The Court struck the filings, and permitted the party to re-file cut-back versions:
Exhibits 11, 12, and 13 are STRUCK. Plaintiff may refile such portions of the struck exhibits as are "pertinent" to the motion under consideration.
It's good to have some guidance from the Court that the rules actually prohibit parties from filing entire exhibits unnecessarily. That may give additional cover if a judge ever takes issue with the fact that a party excerpted their exhibits.
Filing Whole Deposition Transcripts Is Usually a Bad Idea Anyway
Often, for various reasons, attorneys want to file complete deposition transcripts, discovery responses, and long (LONG) exhibits. As we've said before, this is a bad idea.
The Judges Don't Like It
First, in my experience the judges dislike this approach. I've heard multiple judges complain about attorneys' practice of filing long exhibits unnecessarily. I recall one judge in particular holding up a phone-book-length filing at an oral argument and asking counsel if they really thought a filing of that length was necessary or appropriate.
Chief Judge Connolly's scheduling order goes further, and specifically directs the attorneys to excerpt and highlight their exhibits:
The parties should highlight the text of exhibits and attachments they wish the Court to read. The parties are encouraged to include in an exhibit or attachment only the pages of the document in question that (1) identify the document (e.g., the first page of a deposition transcript or the cover page of a request for discovery) and (2) are relevant to the issue( s) before the Court.

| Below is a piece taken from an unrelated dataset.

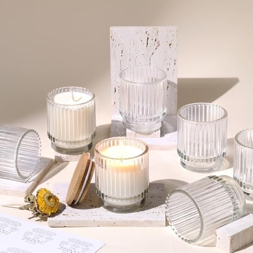 7 oz Empty Clear Ribbed Glass Candle Jars for Making Candles

Judge Burke's discovery dispute procedures have similar provisions:
[T]he parties should highlight in yellow those portions of the exhibits that are particularly important and that they want the Court to focus on. . . . If a party is attaching an exhibit to its letter brief, and the exhibit is large (i.e., more than 20 pages), the party should simply include the cover page/first page of the exhibit and then only those other portions of the exhibit that are relevant to the discovery dispute. So, for example, if a party is attaching as an exhibit a 100-page expert report, but only 10 pages of the report are truly relevant to the dispute, then the party should only include the cover page and the 10 relevant pages of the report.
In the time since the judges started adopting these procedures, I've seen them spread. These days we typically excerpt and highlight exhibits before all of the District of Delaware judges, and I have yet to see any pushback.
Filing Full Exhibits Can Backfire
Second, beyond the judges' dislike of the practice, it can potentially hurt your motion or your positions. Putting random stuff in the record can be a bad thing. Paraphrasing a now-retired judge, "if the exhibits to your summary judgment motion make a stack a foot high, then there is probably a dispute of fact in there."
You can also shoot yourself in the foot on the substance. I once had a trial where we won a judgment of no infringement by relying on a standards document that the patentee had included for no good reason and never relied on again.
You Don't Want to Have to Redact That
Finally, as in the case above, if the material is confidential, somebody is going to have to handle redactions. Some of the judges will automatically strike fully-redacted exhibits, requiring the parties to pick through potentially hundreds or thousands of pages line-by-line for redactions.
We posted about the party who filed 6,778 pages of exhibits under seal, and the Court forced them to pick through and redact every page of them line-by-line. I wouldn't want to be in that situation.
And even if you are before a judge who will not automatically strike fully-redacted exhibits, filing confidential exhibits unnecessarily still risks the Court unsealing your exhibits and briefing—or even most of the docket—if you over-redact.
Basically, I would excerpt and highlight your exhibits wherever you can. Everybody benefits. It will make your motions easier to read and potentially save you some real headaches down the line.